» **Task prompt**:
Up to and including the line that contains "nice grouping of", write out every line of the entries exactly, beginning with the first. Omit the pictures.

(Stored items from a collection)

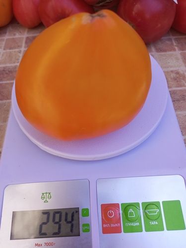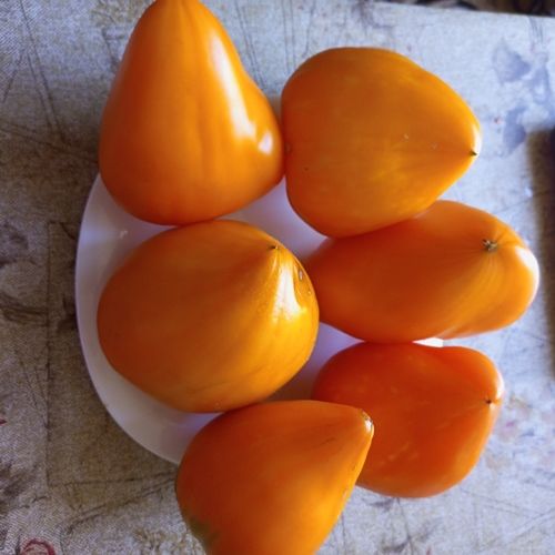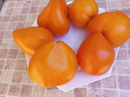 Среднеспелый, высокорослый, в ОГ был около 2 м. Плоды желто-оранжевые сердцевидные. Мякоть вкусная, сладкая, плотная, почти без сока. Вес 150-300 гр. В упак. 10 шт.
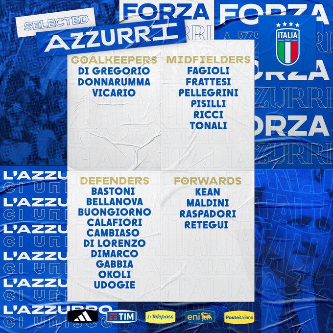 Midfielders: Nicolò Fagioli (Juventus), Davide Frattesi (Inter), Lorenzo Pellegrini (Roma), Niccolò Pisilli (Roma), Samuele Ricci (Torino), Sandro Tonali (Newcastle);
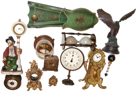 nice grouping of interesting clocks, mostly in good condition. The battery-powered whistler includes its original box. No additional information available.
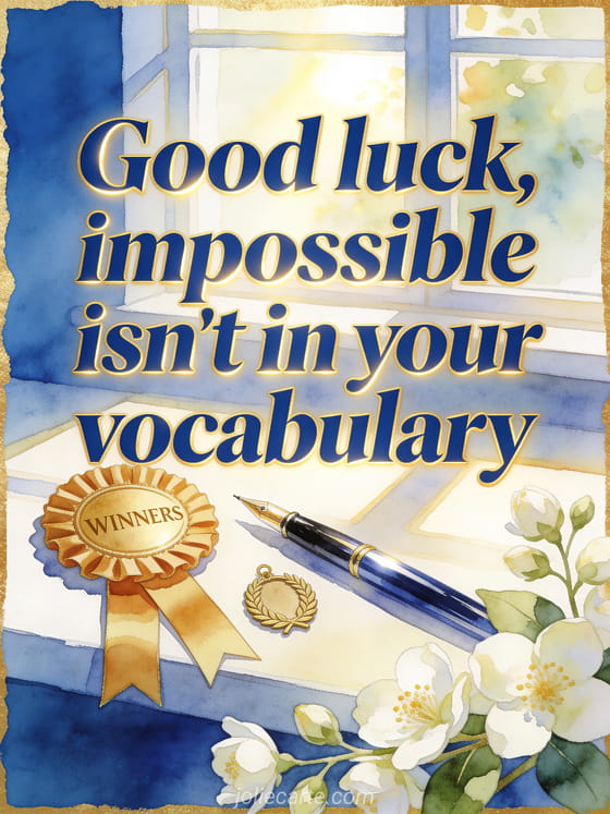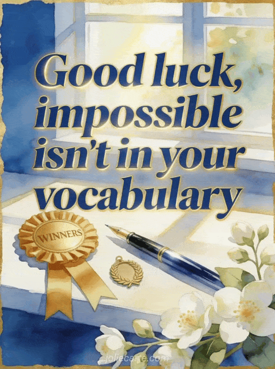Send a confident good luck card with a winner ribbon, polished pen, laurel charm and jasmine flowers under bright window light. Discover also a good luck image with a horse, a good luck encouragement gif or a free good luck card.
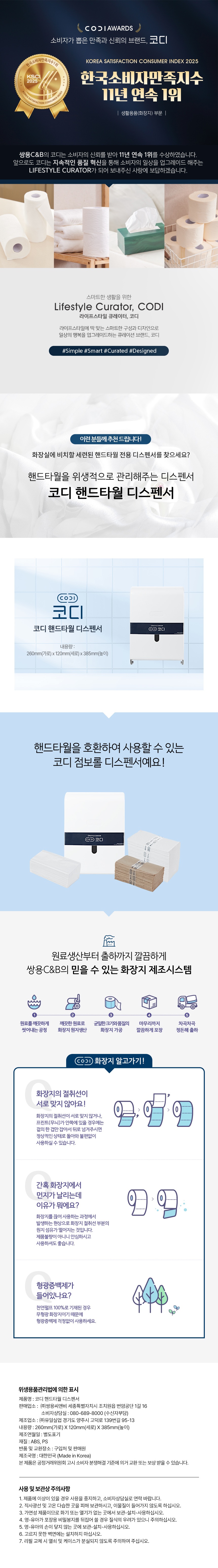 ■ 품명 및 모델명 : 코디 핸드타월 디스펜서(260*120*385mm)
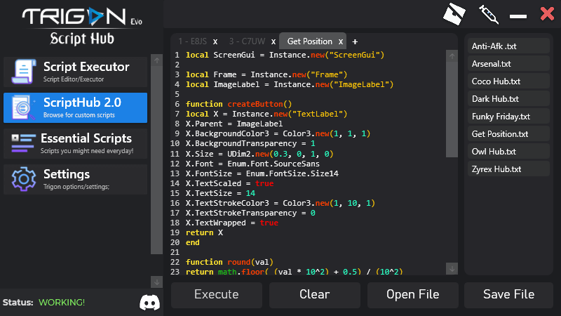 Trigon Evo is a Lua script execution tool that makes scripting easy and fast due to its user-friendly interface. Trigon Executor offers plenty of new features, like a free script hub and an option to select from an elegant, pre-installed custom theme.

» **Exercise output**:
 Среднеспелый, высокорослый, в ОГ был около 2 м. Плоды желто-оранжевые сердцевидные. Мякоть вкусная, сладкая, плотная, почти без сока. Вес 150-300 гр. В упак. 10 шт.
 Midfielders: Nicolò Fagioli (Juventus), Davide Frattesi (Inter), Lorenzo Pellegrini (Roma), Niccolò Pisilli (Roma), Samuele Ricci (Torino), Sandro Tonali (Newcastle);
 nice grouping of interesting clocks, mostly in good condition. The battery-powered whistler includes its original box. No additional information available.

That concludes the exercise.